By default, I would take your request at face value and have no trouble saying, "No, we're monogamous, but I can't very well blame you for wanting to!"


very well, but what percentage of the population do you think would consider that rude.

Of course, the nut of the question is whether its ever possible to be rude with a question. If it's possible to be rude with a statement, I don't really see the difference between questions and statements, at the higest level, though


Thinking about it, it seems questions generally allow for some flexibility of interpretation reducing potential cause for offense, where statements allow far less latitude. The problem is that some questions require foundational understandings that may be offensive, or can really only be understood with malintent. "When did you stop beating your wife?" comes to mind. The question doesn't even allow for the possibility that you don't beat your wife.

Similarly, "Can I sleep with your wife" implies that the asker thinks it's a possibility worth inquiring about. So I basically agree with you on a practical level -- most people would not respond well to the underlying assumption. The question is a veiled statement ("I think you might be open to letting me sleep with your wife, so here I am asking"). In that sense, the question and the statement aren't very different, as you noted.


Unless I have other context to assume ill will, I've fought for years to train myself not to assume it. Whenever I can, I try to interpret something in a light where the other person means no offense.

Certainly sometimes I'm wrong. Most people are assholes sometimes (myself included), and some people are assholes most of the time. But I've found my conversations go best when I try not to assume assholery about someone for as long as I possibly can.

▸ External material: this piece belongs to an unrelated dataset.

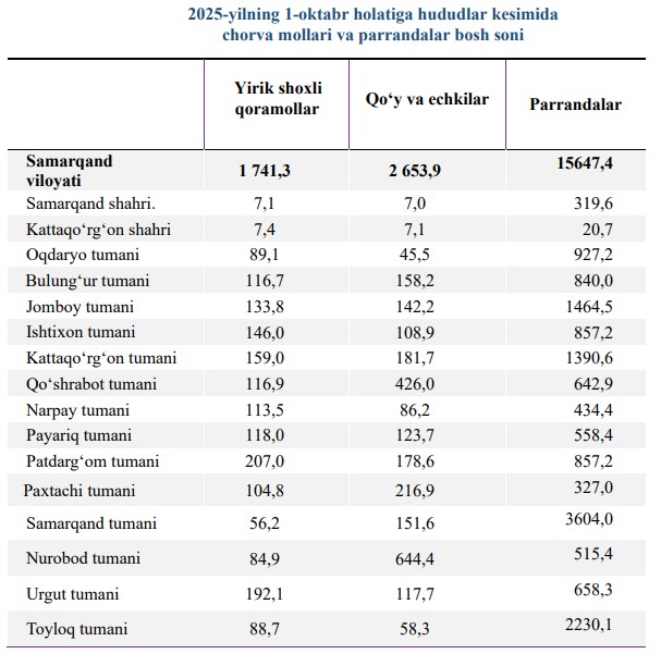 2025-yilning 1-oktabr holatigaSamarqand viloyatining barcha toifadagi xo‘jaliklarida yirik shoxli qoramollar bosh soni 1 741,3 ming boshga yetdi, (2024-

In this case, assuming someone's worldview doesn't take monogamy for granted, and that they've also noticed how sexy my partner is, is how I avoid being offended, even if they frame the request in a somewhat crass way.


Even if you someone was polyamorous, the question is still offensive as it implies ownership and authority.


I think the "with you" is implied: "Is it OK with you..."

I can't imagine a context in which someone would bother asking me for permission to rape my partner.


> […] one person's assumption that anyone who isn't reading their mind is an idiot.

Ah, I see you’ve met my dad.


> "I am so obviously the center of the world that ... If I have to speak, you have already failed."

IME this person is always a women dominating her family. Idk why.


It was my dad in my house by miles, but my grandma was like that to my mother, so I'm pretty sure that swings both ways.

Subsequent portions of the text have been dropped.